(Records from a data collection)
○ ○ ○ ○ ○

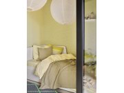 Jemně plastická, grafická vliesová tapeta v odstínech žluté a šedo-béžové, s vinylovým povrchem.
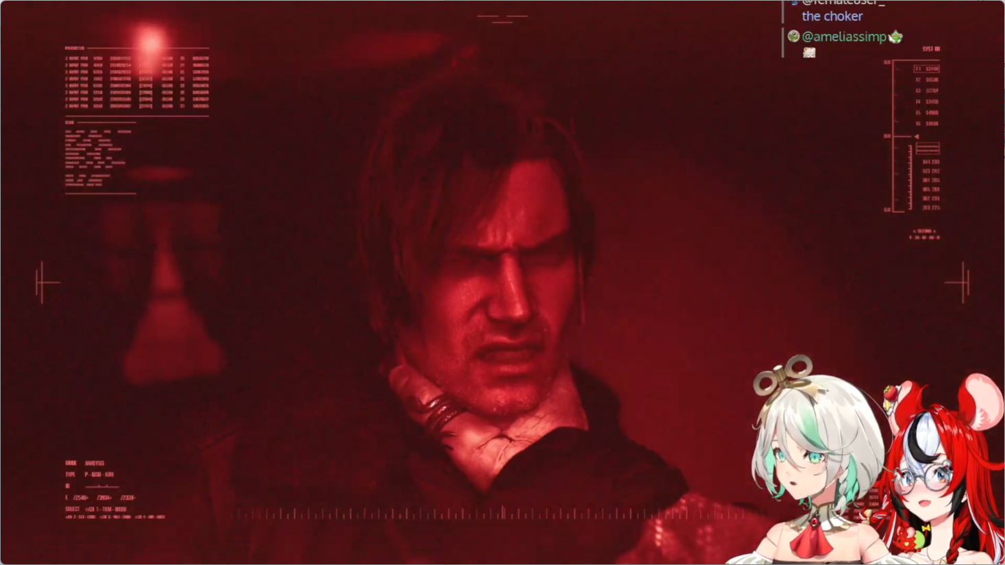 Leon is literally catnip for women, I have not seen such thirst for a game character since Sephy back in the day. Also brrats, your oshi is weaker to horror than I thought with RE7 despite how gruff she seems. Meanwhile babygirl Rissa is stoneface with horror.
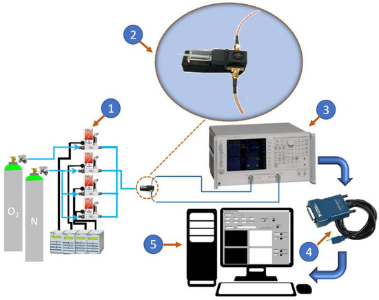 Illustration of the experimental set-up. It consists of five main blocks: (1) the controlled gas system, (2) the measurement chamber, (3) the vector network analyzer, (4) the USB/GPIB interface, and (5) the graphical user interface.
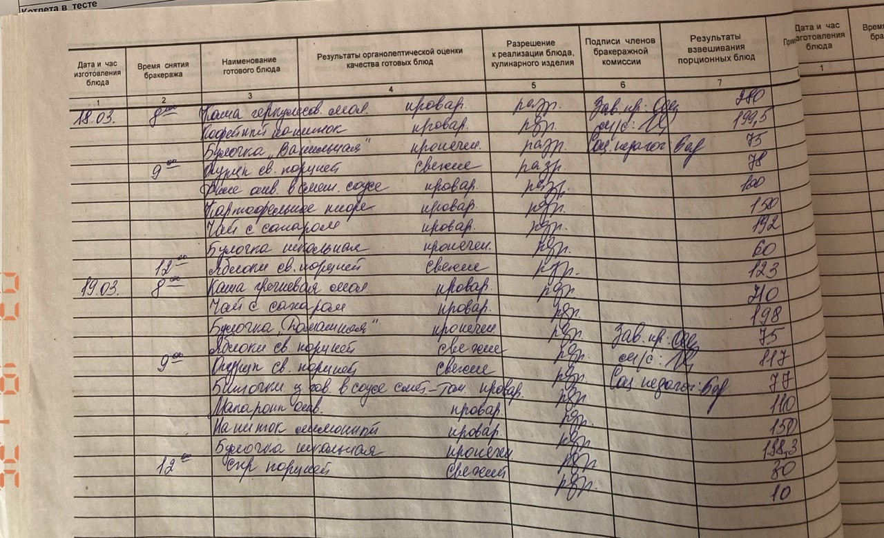 Бракеражный журнал 19.03.2025 Прикрепления:
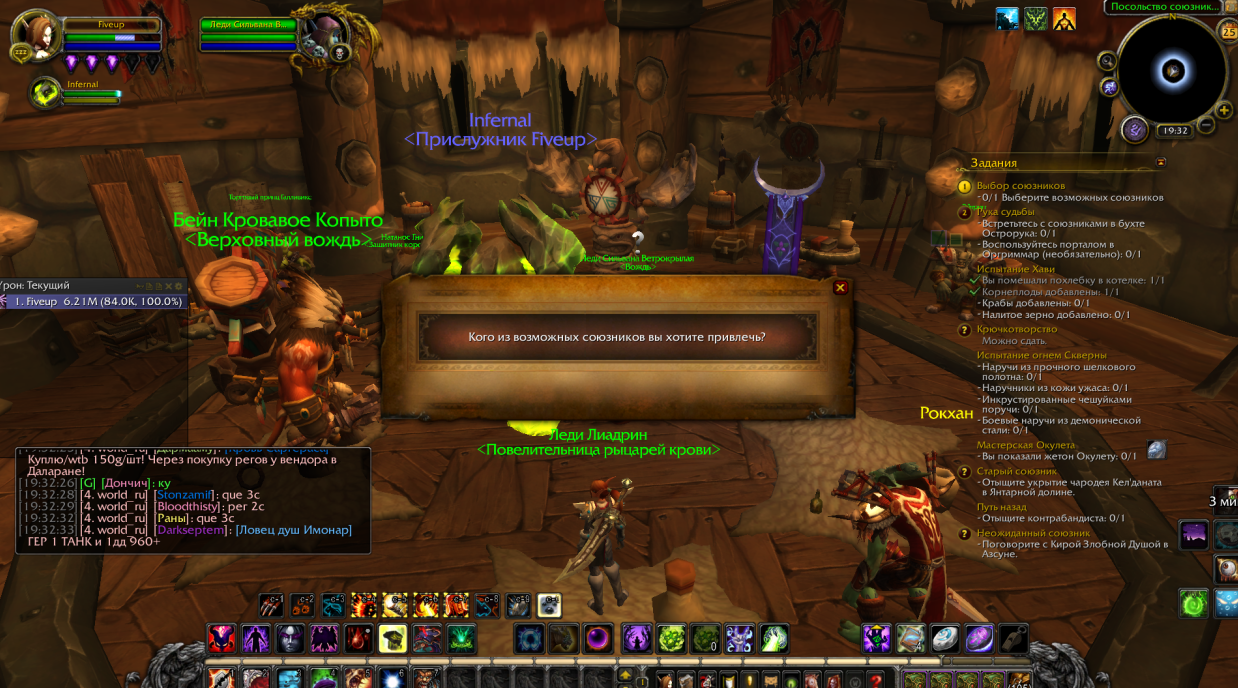| Description | Задание "Выбор союзников", Выберите возможных союзников. После диалогов с представителямит созных рас и Сильваной в окне выбора нет кнопок или другой возможности выбрать. Fiveup, Legion x100 | ||||
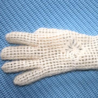 На пару перчаток понадобится около 40-50 грамм тонкой пряжи из белого козьего пуха. Прядение выполняется на х/б нитку размера № 40-50, и крючок № 1,5-2
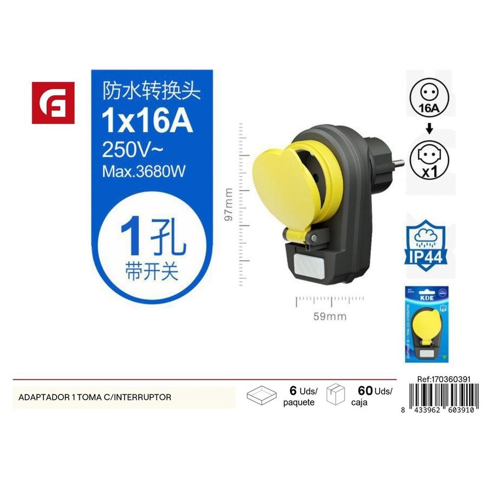 Adaptateur 1 prise avec interrupteur-Accessoires électriques

○ ○ ○ ○ ○

* [YOUR ASSIGNMENT]:
Please set down the records above verbatim, with each picture left out.

* [WRITTEN RESPONSE]:
 Jemně plastická, grafická vliesová tapeta v odstínech žluté a šedo-béžové, s vinylovým povrchem.
 Leon is literally catnip for women, I have not seen such thirst for a game character since Sephy back in the day. Also brrats, your oshi is weaker to horror than I thought with RE7 despite how gruff she seems. Meanwhile babygirl Rissa is stoneface with horror.
 Illustration of the experimental set-up. It consists of five main blocks: (1) the controlled gas system, (2) the measurement chamber, (3) the vector network analyzer, (4) the USB/GPIB interface, and (5) the graphical user interface.
 Бракеражный журнал 19.03.2025 Прикрепления:
| Description | Задание "Выбор союзников", Выберите возможных союзников. После диалогов с представителямит созных рас и Сильваной в окне выбора нет кнопок или другой возможности выбрать. Fiveup, Legion x100 | ||||
 На пару перчаток понадобится около 40-50 грамм тонкой пряжи из белого козьего пуха. Прядение выполняется на х/б нитку размера № 40-50, и крючок № 1,5-2
 Adaptateur 1 prise avec interrupteur-Accessoires électriques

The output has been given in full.